Selma closed early. By ten p.m., the bustling of the marketplace had given way to the swamp stink and cicadas, but there was always action for those who knew where to look: in the private clubs where merchants played faro and stud, in the juke joints that stayed open from can till can’t. According to those who knew him, Sam did not care for crowds and parties. He had a restless mind and a persistent need to get outdoors. He liked to be alone. You might see him wandering beneath the lamps of town, a tough, lean young man in an overcoat, hands buried deep in his pockets.
He stacked shelves and checked inventory in his uncle’s store. Now and then, he dealt with the salesmen who turned up with sample cases. He stood in the alley, amid the garbage cans and cats, asking about suppliers and costs. There was money to be made, but not here. He interrogated customers. He was looking for different work and would try anything, if only for experience. His early life was a series of adventures, with odd job leading to odd job. Much of the color that would later entertain magazine writers—Sam’s life had the dimensions of a fairy tale—were accumulated in his first few years in Selma.

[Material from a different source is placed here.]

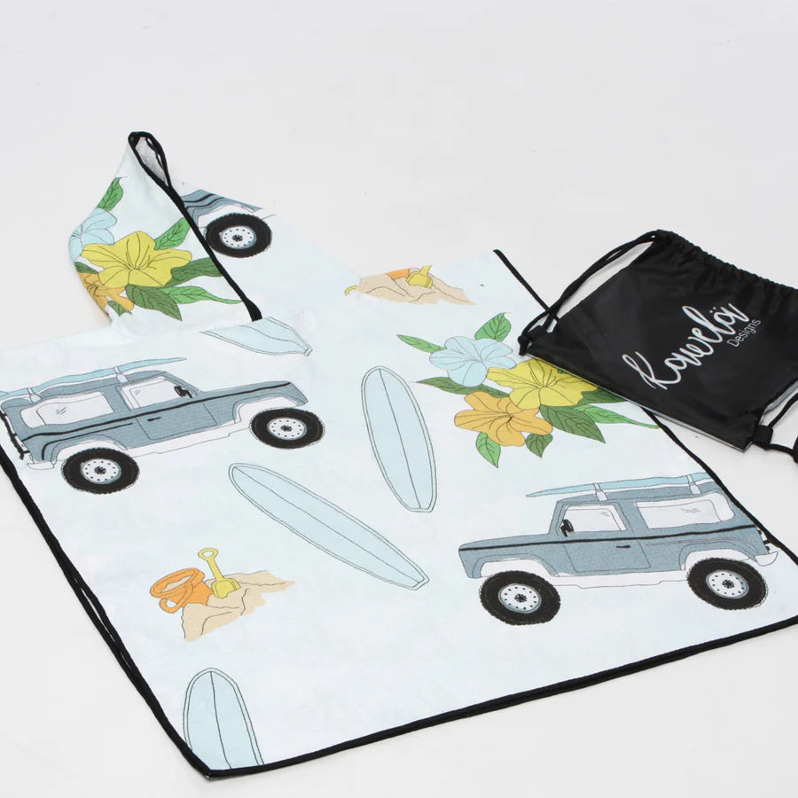 Kawelä's flyé microfibre, which stands out with its waffle texture, has been designed so that the sand slides directly on the ground. The whole result of an incredible softness.

He worked as a tin merchant. Well, that’s how it would be described in the press. “Young Sam Z. bartered iron for livestock, chickens and pigs.” According to newspaper and magazine accounts, he was in fact employed by a struggling old-timer who was less tin merchant than peddler, the last of a vanishing breed, the country cheapjack in a tattered coat, sharing a piece of chocolate with the boy. Now and then, he might offer some wisdom. Banks fail, women leave, but land lasts forever. He combed trash piles on the edge of Selma, searching for discarded scraps of sheet metal, the cast-off junk of the industrial age, which he piled on his cart and pushed from farm to farm, looking for trades—wire for a chicken coop in return for one of the razorbacks in the pen. After the particulars were agreed on, Sam was told to get moving, Catch and tie that animal, boy. It was Zemurray’s first real job: racing through the slop with a rope in his hand. “In those days,” he told a reporter from Life, “I could outrun any pig in Dixie.” Paid a dollar a week, he kept the job just long enough to know he would rather be the man who owned the hog than the man who collected the junk, and would rather be the man who discarded the sheet metal than the man who owned the hog.
A series of jobs followed, tried on and thrown off like thrift-store suits. He was a housecleaner and a delivery boy. He turned a lathe for a carpenter. By eighteen, he had saved enough to send for his brothers and sisters, half a dozen pale young Jews who turned up in Alabama in the last years of the nineteenth century.
But his real life began only when he saw that first banana. He devised a plan soon after: he would travel to Mobile, where the fruit boats arrived from Central America, purchase a supply of his own, carry them back to Selma, and go into business.